I’ve always liked smart girls. My first girlfriend was Kathy Becker, in the second grade. She always knew the answers to the baffling math problems scribbled on the classroom chalkboard. I showed her my affection once by kissing her on the back (made sense at the time) and giving her a dollar. After that, it was all about girls with brains for me.

I married a smart girl. She’s a Smith College graduate, class of 1967. I recently accompanied my wife to her 50th class reunion, a joyful and inspiring affair.
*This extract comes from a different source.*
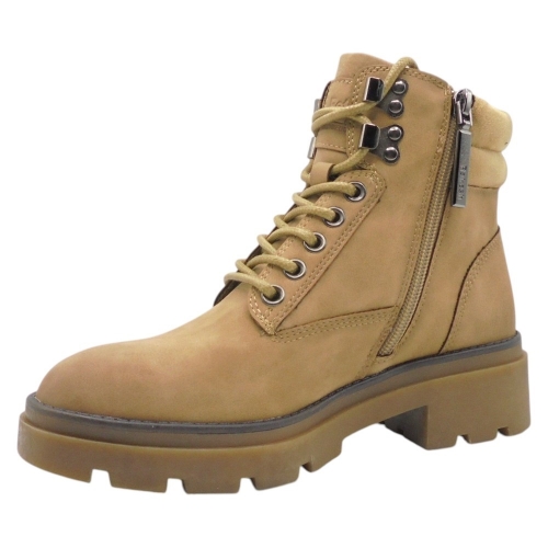 La suela de goma con volumen y acabado antideslizante asegura estabilidad y firmeza en cada paso, convirtiendo a este botín en la elección ideal para looks urbanos y casuales con un aire aventurero.

I was one of a handful of supportive husbands attending, and we male warriors locked eyes in silent solidarity as we shared meals and passed each other on campus.

Smith is a beautiful college campus, designed by the famous landscape architect Frederick Law Olmsted. And Northampton, the college’s hometown, is a fun, funky, foodie place – a perfect combination of erudition, tradition and location.

This was my fourth Smith reunion, and my biggest challenge has always been negotiating the bathroom/shower situation in the residence halls where we stayed, prompting me to sneak into the shower room at 5 a.m. to reduce the chances of confronting a screaming, naked septuagenarian of the opposite sex. I did run into a wet-haired, towel-covered woman who had locked herself out of her room. Suffice to say, she was not happy to see me. But for the most part, the Smithies are more than tolerant of my presence.

I come to these events knowing that I’m pretty much an accessory, a second banana, an on-call helper. But I did get a compliment this trip while carrying my wife’s purse: “That’s a good look for you!” a smiling Smithie informed me.

Smith recently completed the largest and most successful fundraising campaign of a women’s college, raising nearly half a billion dollars in five years.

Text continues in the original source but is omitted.